The failed attempt at establishing a mission in Virginia was the end of Spanish ventures to colonize the area. Don Luís subsequently disappeared from the historical record.

==Possible link between Don Luís and Opechancanough==
At the time of the first permanent English settlement at Jamestown in 1607, a fierce Native American warrior named Opechancanough was the brother of Wahunsenacawh, the Chief of the Powhatan Confederacy, The name Opechancanough meant "He whose Soul is White" in the Algonquian language.

It has been speculated by some historians that Don Luís may have been Opechancanough. However, Paquiquino (Don Luis) was of the Paspahegh Tribe while Opechancanough was of the Pamunkey and Powhatan Tribes, they were not born of the same people. While both men are believed to have been born about the same time, and both have a reputation for being violently opposed to European settlers, Murrin suggests that Opechancanough was more likely the nephew or cousin of Don Luis.

== Possible father of Powhatan ==
Alternatively, some believe that Don Luís may have been the father of Wahunsenacawh aka Chief Powhatan. When discussing a treaty between the English and Powhatan Confederacy, Ralph Hamor records that Powhatan's father had arrived in Virginia from the Spanish West Indies, a curious fact that matches the life of Don Luís:"Thirdly they should at all times be ready and willing to furnish vs with three or foure hundred bowmen to aide vs against the Spaniards, whose name is odious amongst them, for Powhatans father was driuen by them from the west-Indies into those parts..."

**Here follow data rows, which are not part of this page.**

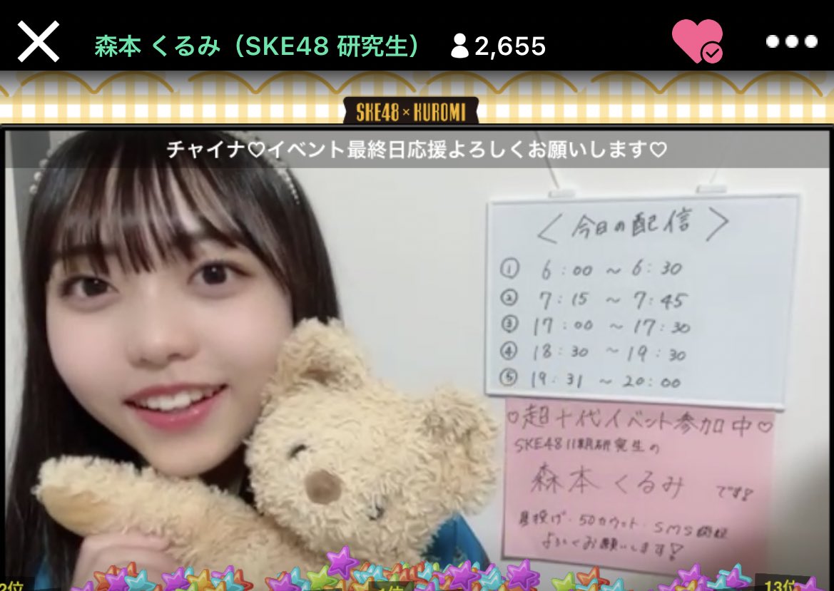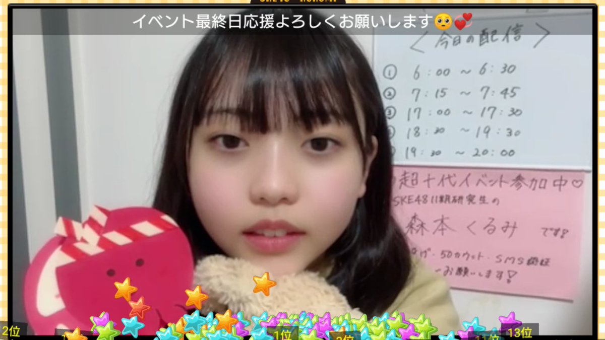 | 1🥇 | 森本 くるみ(SKE48 研究生) | 13222173 | +7098997 | |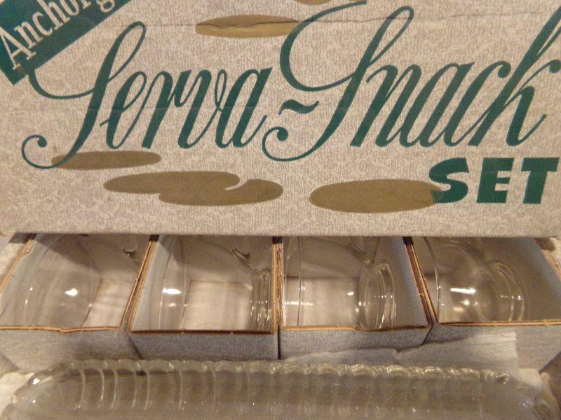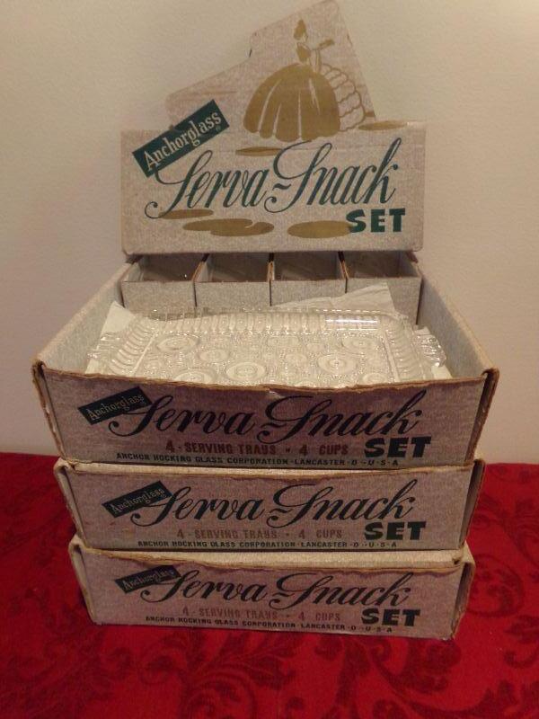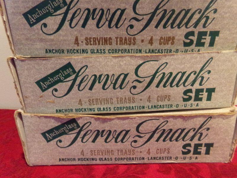 3 BOXES OF ANCHOR GLASS SERVA-SNACK SETS. EACH BOX CONTAINS 4 CUPS AND 4 SERVING TRAYS.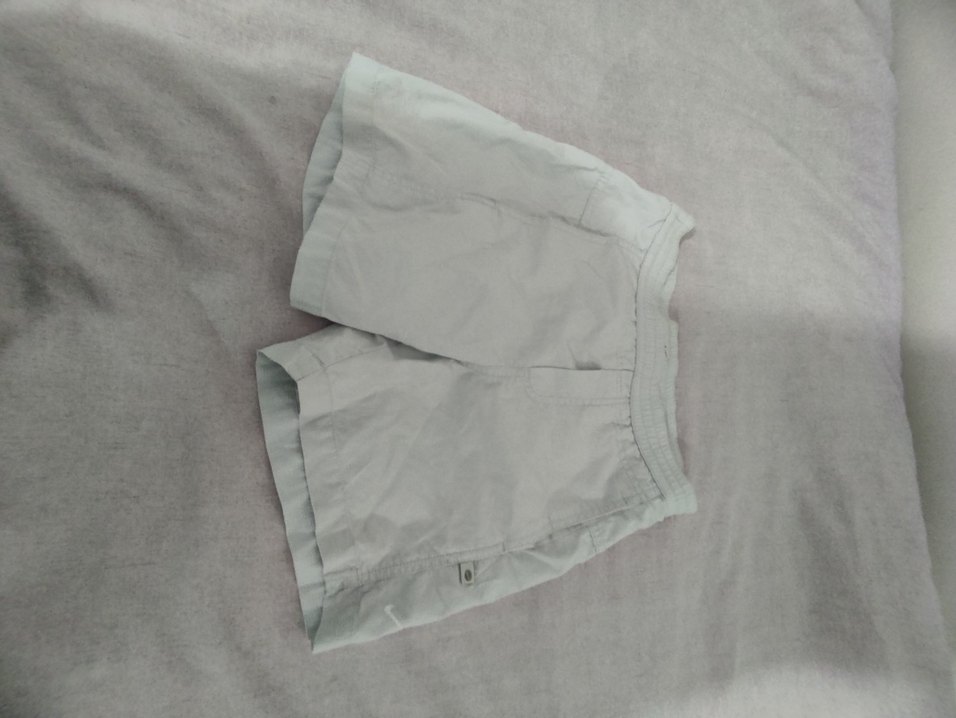 gri renkte, keten kumaştan yapılmış, rahat kesim ve sade tasarıma sahip şort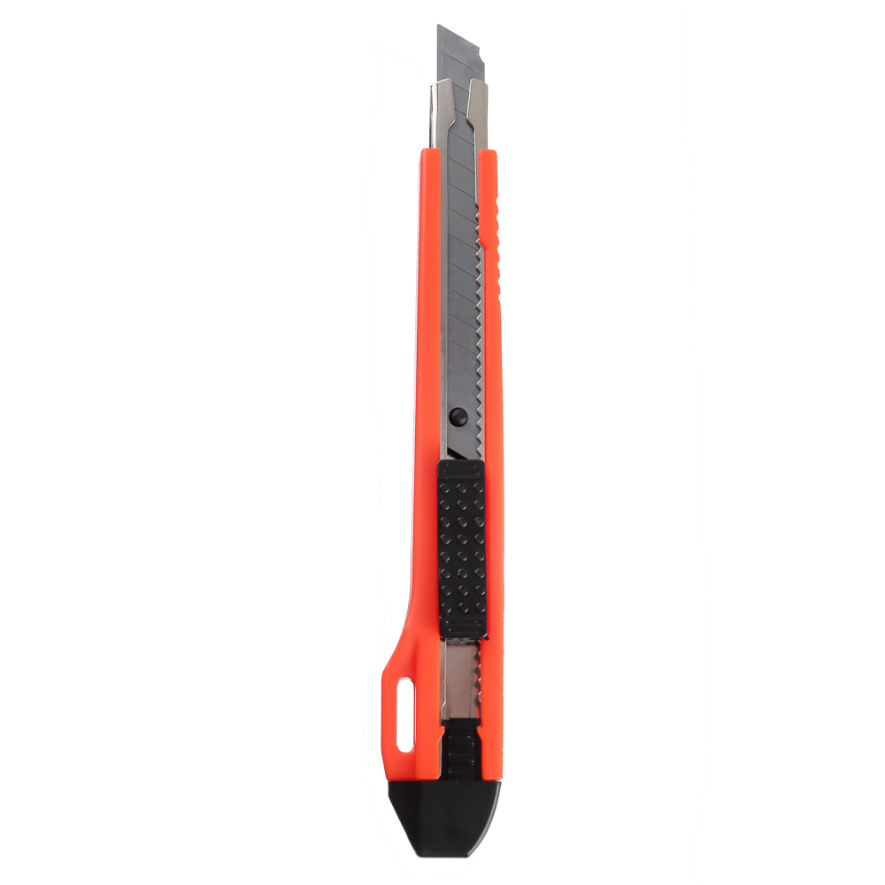 Оснащен прямоугольным стоппером для фиксации рабочего полотна. Острое и тонкое лезвие эффективно разрезает бумагу, монтажную ленту и некоторые виды строительных материалов.

 - Ralph Hamor, A TRVE DISCOVRSE of the present estate of Virginia, and the successe of the affaires there till the 18 of Iune. 1614.Based on this possibility, Frank T. Siebert Jr. speculates that Don Luis' experience observing Spanish rule contributed to the later founding of the Powhatan Confederacy by uniting six tribes before of his presumable death around 1583-1585, at which point Wahunsenacawh could have succeeded him.

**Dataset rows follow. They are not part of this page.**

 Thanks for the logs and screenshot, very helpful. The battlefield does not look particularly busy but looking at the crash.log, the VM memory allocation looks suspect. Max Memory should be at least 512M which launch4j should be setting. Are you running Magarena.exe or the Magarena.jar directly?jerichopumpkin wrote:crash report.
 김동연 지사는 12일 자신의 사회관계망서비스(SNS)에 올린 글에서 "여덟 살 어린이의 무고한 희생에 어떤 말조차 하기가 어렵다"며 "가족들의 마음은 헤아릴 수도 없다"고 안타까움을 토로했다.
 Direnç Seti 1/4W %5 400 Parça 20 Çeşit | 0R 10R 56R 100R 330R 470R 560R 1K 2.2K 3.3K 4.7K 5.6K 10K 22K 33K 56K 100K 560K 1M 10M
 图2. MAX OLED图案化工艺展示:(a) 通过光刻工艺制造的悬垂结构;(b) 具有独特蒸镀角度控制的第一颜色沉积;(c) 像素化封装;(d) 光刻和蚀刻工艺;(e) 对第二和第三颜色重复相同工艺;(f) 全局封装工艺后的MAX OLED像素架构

The belief that Don Luis could be Wahunsenacawh's father is flawed, however, for it is not chronologically possible. Paquinquineo was a youth when he was kidnapped by the Spanish, and is thought to have been born between 1540 and 1550. The Spanish liked young captives who could easily learn the Spanish language and still remember their native languages. Wahunsenacawh is believed to have been born about 1547. John Smith estimated that he was born in 1547, while William Strachey thought he could have been born as early as 1527. Therefore, Wahunsenacawh was either older than or of the same age as Don Luis. Additionally, the Powhatan Indians were a matrilineal society, Wahunsenacawh explained to the English that he inherited his right to rule from his mother, and that his siblings, not his own children, would succeed him. Based upon this, it is believed that the chief before Wahunsenacawh was likely his uncle, but certainly not his father.

==Modern times==
Descendants of the Powhatan Confederacy live on in Virginia in many places, including two reservations in King William County. The Roman Catholic Diocese of Richmond has designated St. Elizabeth Ann Seton Parish in New Kent County as the new shrine of the Jesuit martyrs.